Efficiency Maximization of a Direct Internal Reforming Solid Oxide Fuel Cell in a Two-Layer Self-Optimizing Control Structure

Abstract

Control system configuration is essential for the efficiency performance of a solid oxide fuel cell (SOFC). In this paper, we aim to report a novel two-layer self-optimizing control (SOC) system for the efficiency maximization of a direct internal reforming SOFC, where the efficiency index is defined as the profit of generated electricity penalized by carbon (CO2) emission. Based on the lumped-parameter model of the SOFC, comprehensive evaluations are carried out to identify the optimal controlled variables (CVs), the control of which at constant set-points can optimize the efficiency, in spite of operating condition changes.
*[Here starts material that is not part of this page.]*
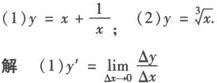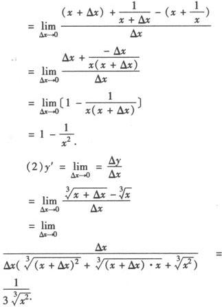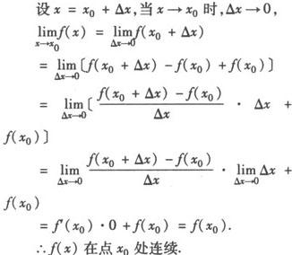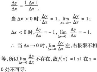 曲线y=f(x)上任一点(x,y)的切线的斜率是f(x)在x处的导数,即 ,也就是说,曲线y=f(x)在点P(x0,f(x0))处的切线的斜率是f′(x0),相应地,切线方程为 y—y0=f(x0)(x—x0). 例1 利用导数的定义,求下列函数的导数.   例2 证明 若函数f(x)在点x0处可导,则f(x)在点x0连续. 证明 要证f(x)在点x0处连续,即证 于是只要证: f(x0)〕=0,而利用函数f(x)在点x0处可导可以证明这一点.  其逆命题:“若函数f(x)在点x0处连续,则它在点x0处可导”是否成立呢?回答是否定的,如函数y=|x|在点x=0处连续,但在点x=0处不可导,请读者自己给出证明. 例3 求证y=|x|在点x=0处连续,但在点x=0处不可导. 证明 只需证 不存在即可证明在x=0处不可导.  ∴f(x)=|x|在点x=0连续.△y=f(0+△x)—f(0)=|△x|,  |

In the lower SOC layer, we configure single variables as the CVs. The results show that the stack temperature is the active constraint which should be controlled to maintain the cell performance. In addition, the outlet hydrogen composition is identified as the optimal CV. This result differs from several previous proposals, such as methane composition. In the presence of operating condition changes, the set-point of hydrogen composition is further automatically adjusted by the upper SOC layer, where a linear combination of the SOFC measurements is configured as the CV, giving negligible efficiency losses. The cascaded two-layer SOC structure is able to maximize the SOFC efficiency and reduce carbon emission without using online optimization techniques; meanwhile, it allows for smooth and safe operations. The validity of the new scheme is verified through both static and dynamic evaluations.